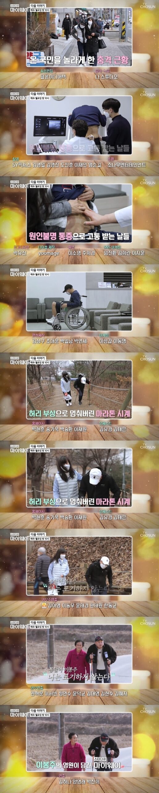 이날 예고편에서 이봉주는 굽은 등으로 아내에게 의지한 채 걷는가 하면, 휠체어를 타고 있는 모습을 보여줬다.
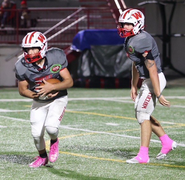 Ben Shaw completed 9 of 11 passes for 77 yards, one TD, and one interception, with Davis leading Waverly with four catches for 16 yards, and Hogan Shaw added two grabs for 38 yards.
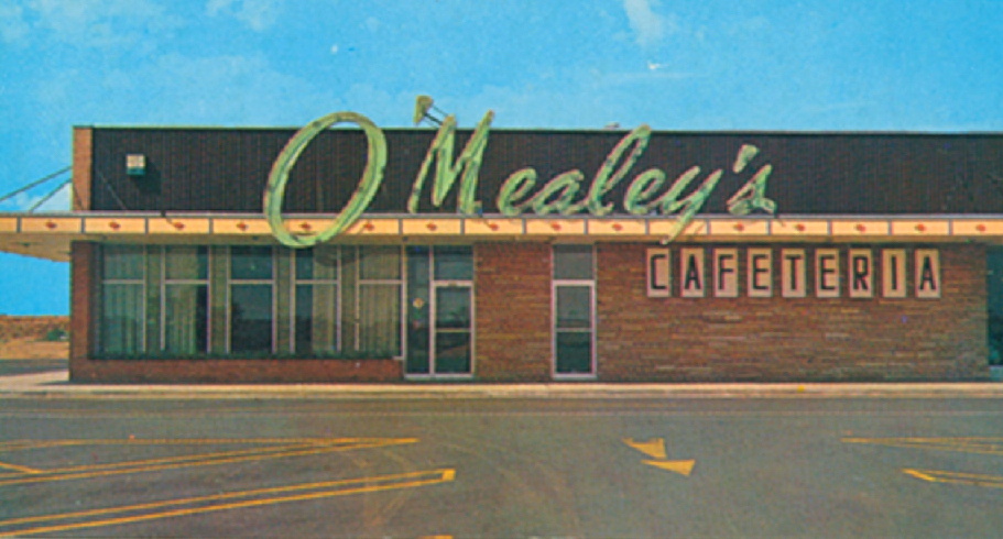That O’Mealey’s was sold in 1980 to two former Furr’s Cafeteria managers and renamed Farm Cafeteria. That died within a couple of years, and the space was leased to further expand the adjacent C.R. Anthony store. The last O’Mealey’s closed in 1982, although Harvey and his wife, Patricia, ran a pastry shop until 1994. Harvey logged 65 years of perfect attendance at the North OKC Rotary Club, and he and Patricia were ambassadors for Bricktown and Chesapeake Arena. Green was a favorite color of theirs, and I remember it being the color of their sign as well as prominent in the interior of O’Mealey’s. They both passed away in 2020.
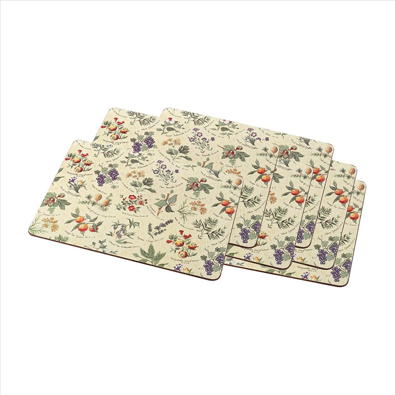 With their smooth finish and cork backing, these placemats are ideal for special occasions or everyday use. The laminated surface is heat resistant up to 100 degrees and the cork backing ensures furniture remains undamaged. The set comes in its own presentation box for easy storage.
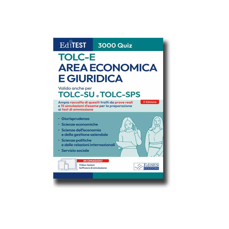 La nuova raccolta di quiz per la preparazione al test di ammissione 2026 ai corsi di laurea di Area economica e giuridica (Scienze economiche, Scienze dell'economia e della gestione aziendale, Giurisprudenza, Scienze Politiche, Scienze del servizio sociale, TOLC-E, TOLC-SU, TOLC-SPS) raccoglie numerosi quesiti, tratti in parte dalle prove svolte negli ultimi anni, che vertono sull’intero programma d'esame favorendo uno studio sistematico di tutte le materie previste (Logica, Cultura generale, Matematica, Inglese) e un’agevole assimilazione dei concetti. Un’ampia parte del volume è poi dedicata a una serie di prove simulate, simili per struttura e composizione ai test ufficiali del Cisia per Economia (TOLC-E), per Giurisprudenza (TOLC-SU), per Scienze politiche (TOLC-SPS) e per la prova di conoscenza della lingua Inglese, utili per esercitarsi nella soluzione di quiz analoghi a quelli realmente somministrati e per una verifica trasversale delle conoscenze. Grazie alla suddivisione dei quiz per argomento, il libro consente di verificare il proprio livello di preparazione e individuare senza difficoltà le proprie lacune, così da procedere a uno studio mirato della parte teorica.
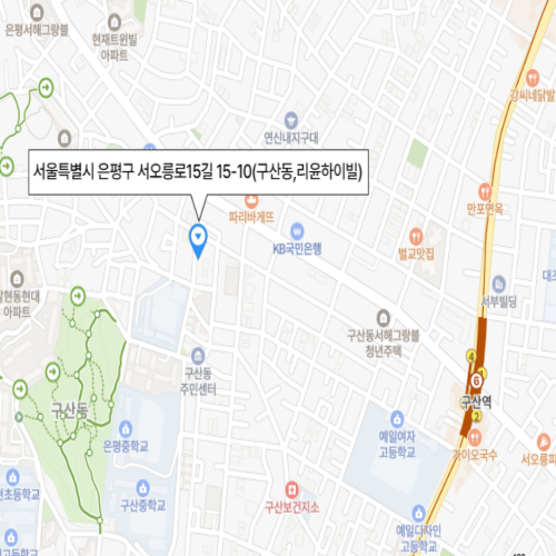 - 주소: 서울특별시 은평구 서오릉로15길 15-10 (구산동, 리윤하이빌)
-=-=-=-=-
The required output is every line from the beginning of the material above through the line with "Ben Shaw completed", exact and without pictures.

 이날 예고편에서 이봉주는 굽은 등으로 아내에게 의지한 채 걷는가 하면, 휠체어를 타고 있는 모습을 보여줬다.
 Ben Shaw completed 9 of 11 passes for 77 yards, one TD, and one interception, with Davis leading Waverly with four catches for 16 yards, and Hogan Shaw added two grabs for 38 yards.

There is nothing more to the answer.